Your assignment: Would you restate every entry that follows, word for word, and leave out the pictures?

[Records from a collection]

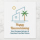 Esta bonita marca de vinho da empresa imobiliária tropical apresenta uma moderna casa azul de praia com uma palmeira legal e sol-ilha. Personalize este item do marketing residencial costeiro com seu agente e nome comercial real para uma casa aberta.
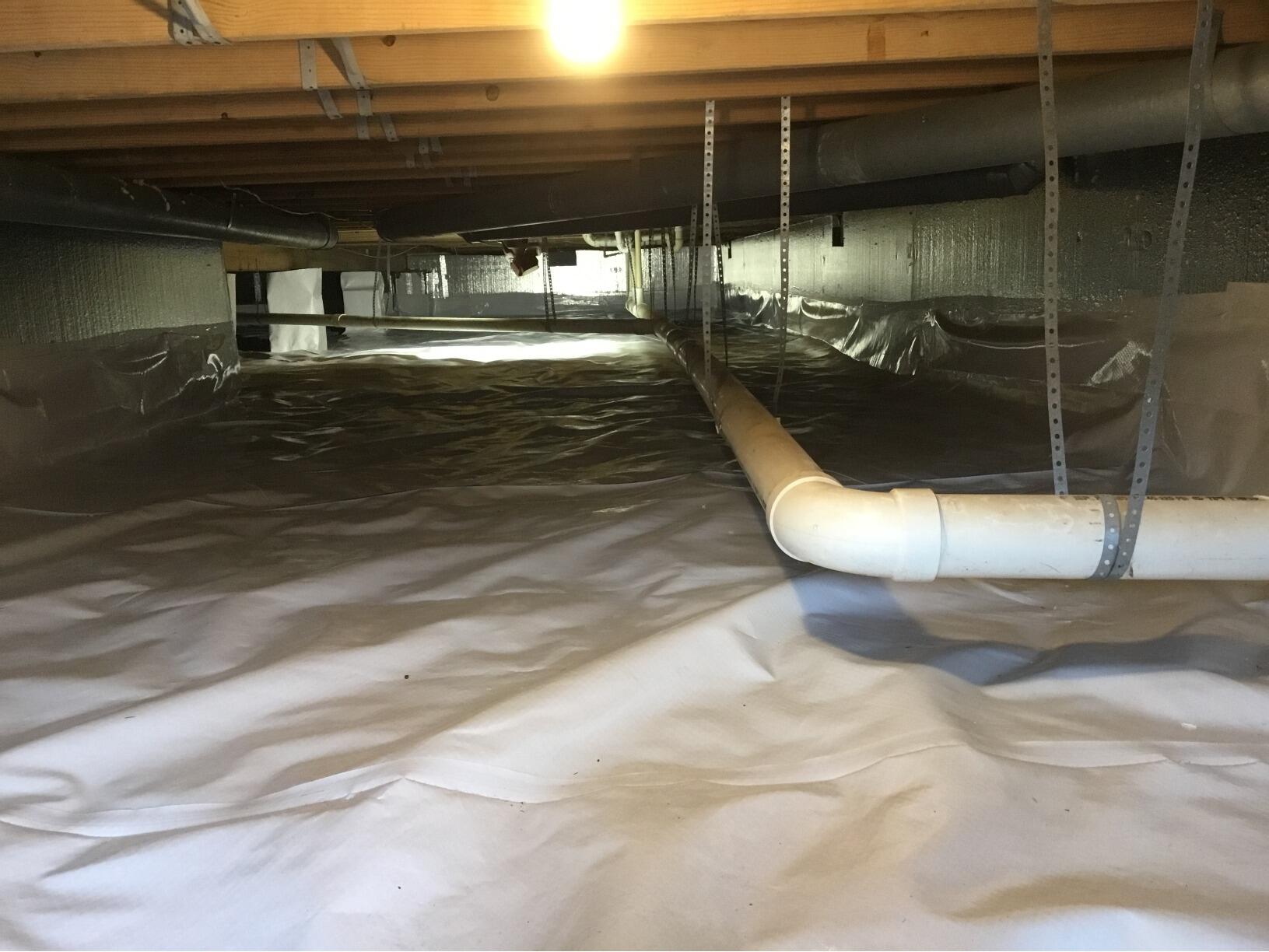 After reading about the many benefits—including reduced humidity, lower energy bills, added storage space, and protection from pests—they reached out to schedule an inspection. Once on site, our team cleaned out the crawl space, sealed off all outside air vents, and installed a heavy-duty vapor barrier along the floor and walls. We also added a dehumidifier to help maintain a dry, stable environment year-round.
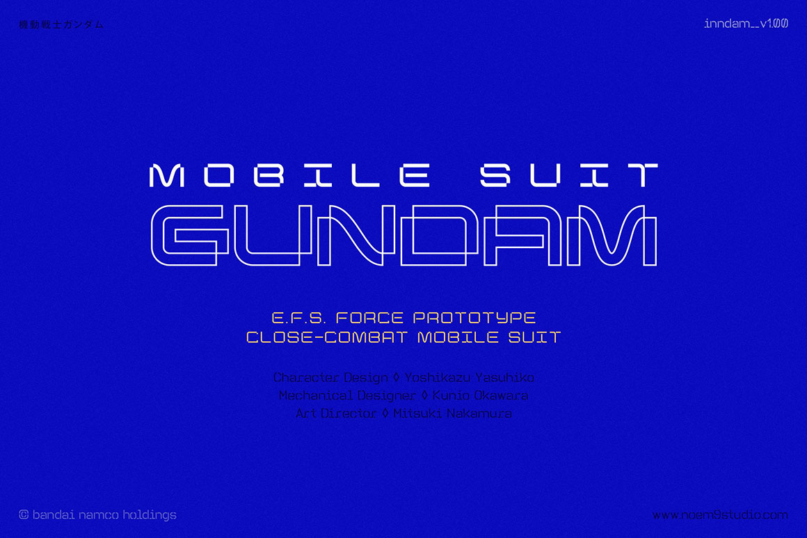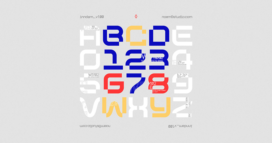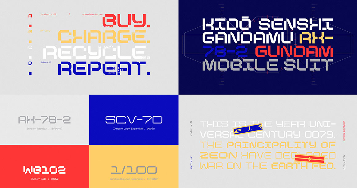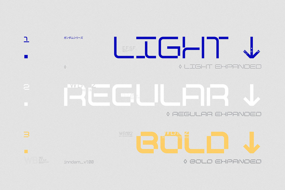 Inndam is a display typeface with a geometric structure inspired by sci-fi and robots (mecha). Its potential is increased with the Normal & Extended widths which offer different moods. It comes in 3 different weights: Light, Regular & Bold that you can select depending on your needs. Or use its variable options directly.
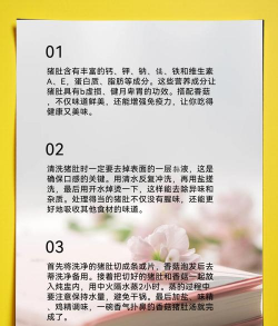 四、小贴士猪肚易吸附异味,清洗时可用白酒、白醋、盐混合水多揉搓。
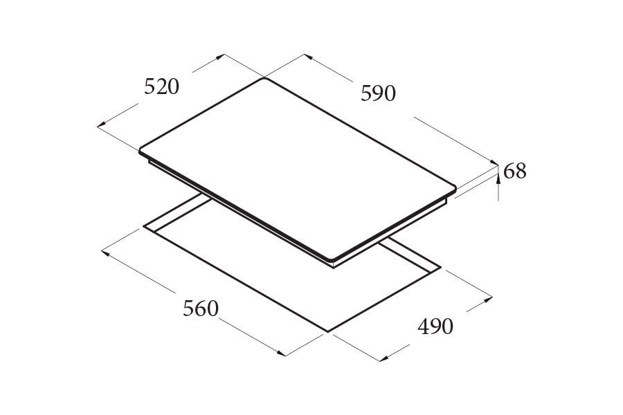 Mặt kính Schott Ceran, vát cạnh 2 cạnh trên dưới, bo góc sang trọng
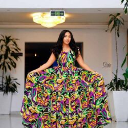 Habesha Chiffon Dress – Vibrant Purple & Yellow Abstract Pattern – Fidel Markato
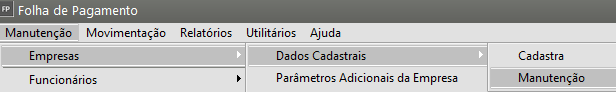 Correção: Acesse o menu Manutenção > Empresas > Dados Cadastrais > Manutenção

Exercise result:
 Esta bonita marca de vinho da empresa imobiliária tropical apresenta uma moderna casa azul de praia com uma palmeira legal e sol-ilha. Personalize este item do marketing residencial costeiro com seu agente e nome comercial real para uma casa aberta.
 After reading about the many benefits—including reduced humidity, lower energy bills, added storage space, and protection from pests—they reached out to schedule an inspection. Once on site, our team cleaned out the crawl space, sealed off all outside air vents, and installed a heavy-duty vapor barrier along the floor and walls. We also added a dehumidifier to help maintain a dry, stable environment year-round.
 Inndam is a display typeface with a geometric structure inspired by sci-fi and robots (mecha). Its potential is increased with the Normal & Extended widths which offer different moods. It comes in 3 different weights: Light, Regular & Bold that you can select depending on your needs. Or use its variable options directly.
 四、小贴士猪肚易吸附异味,清洗时可用白酒、白醋、盐混合水多揉搓。
 Mặt kính Schott Ceran, vát cạnh 2 cạnh trên dưới, bo góc sang trọng
 Habesha Chiffon Dress – Vibrant Purple & Yellow Abstract Pattern – Fidel Markato
 Correção: Acesse o menu Manutenção > Empresas > Dados Cadastrais > Manutenção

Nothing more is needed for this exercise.